Acclaimed Japanese director Hirokazu Kore-eda’s The Third Murder is a brain-twister about a lawyer’s attempts to get a murder convict’s death sentence commuted to life imprisonment.
The Mumbai Film Festival, like some other Indian festivals, has two competition sections, one for Indian titles and the other for foreign ones as well as Indian productions. These are all debut features. The list includes: gay arthouse drama The Wound from South Africa, the fly-on-the-wall family portrait documentary Summer 1993, about an orphaned girl and her new adoptive family.
A pair of siblings and a goat set out on a seriocomic journey across the San Andres islands in Bad Lucky Goat. In Apostasy from the United Kingdom, a young Jehovah’s Witness follower breaks away from the fold. People smuggling is the subject of Turkish debut feature Daha.
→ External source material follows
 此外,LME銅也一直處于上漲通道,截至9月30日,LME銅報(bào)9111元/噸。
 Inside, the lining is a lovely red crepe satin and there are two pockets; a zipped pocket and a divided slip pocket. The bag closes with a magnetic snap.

Of resonance to Indian cinephiles is I’m not a Witch from Zambia, about a teenager falsely accused of witchcraft.
World cinema titles
Among the films to watch out for in this showcase of the best of international cinema is Daniela Thomas’s Vazante, a black-and-white drama about the arrival of African slaves in Brazil in 1861. The Hong Kong feature Free and Easy is a satire about present-day China seen through the prism of a crime drama. Estonian feature November, which is the country’s official foreign language film Oscar entry, is a folklore-inspired supernatural movie about sexual longing.
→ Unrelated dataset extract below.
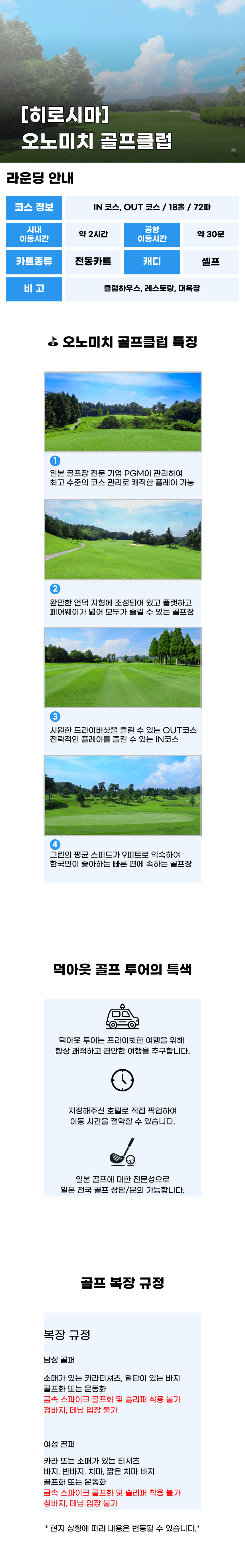 [히로시마 골프 투어] 오노미치 골프클럽 (PGM) 18홀 라운딩 (픽업 선택가능) 포함 카트피 그린피 락카피 차량비(차량 옵션 선택 시) 톨비(차량 옵션 선택 시) 가이드팁(차량 옵션 선택 시) 불포함 중식,석식,여행자보험,항공비,개별활 마이리얼트립에서 예약하기 히로시마 목록 도시 목록

April’s Daughter from Mexico chronicles a teenage mother-to-be and her manipulative mother. Marlina the Murderer in Four Acts from Indonesia is an updated Western about a woman’s quest for revenge.
In the Russian drama A Gentle Creature, based on a Fyodor Dostoyevsky story, the wife of a prisoner sets out to find out what happened to him after a parcel she sent him is returned.
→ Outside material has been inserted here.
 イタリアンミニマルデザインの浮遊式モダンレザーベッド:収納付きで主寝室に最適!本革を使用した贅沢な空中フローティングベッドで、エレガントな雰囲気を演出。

In Devil’s Freedom from Mexico, eyewitnesses to the ongoing drug war reveal their experiences while wearing facial masks. Vaishali Sinha’s Ask The Sexpert profiles the popular nonagenarian Mumbai Mirror sex advice columnist Mahinder Watsa. Quest examines an American black working class couple shot over a 10-year period. American documentary Dina focuses on an American husband and wife, both of whom have autism.
Prateek Vats’s A Very Old Man with Enormous Wings is an observational documentary about the famous Indian bodybuilder Manohar Aich. Kamal Swaroop’s Pushkar Puran explores the annual fair in the Rajasthani city.
In Nothingwood, Sonia Krondlund profiles indefatigable Afghani B-movie director Salim Shaheen. Michael Glawogger’s documentary Untitled comprises footage shot by the filmmaker, who died in 2014, that was shot in the Balkans, Italy and parts of Africa.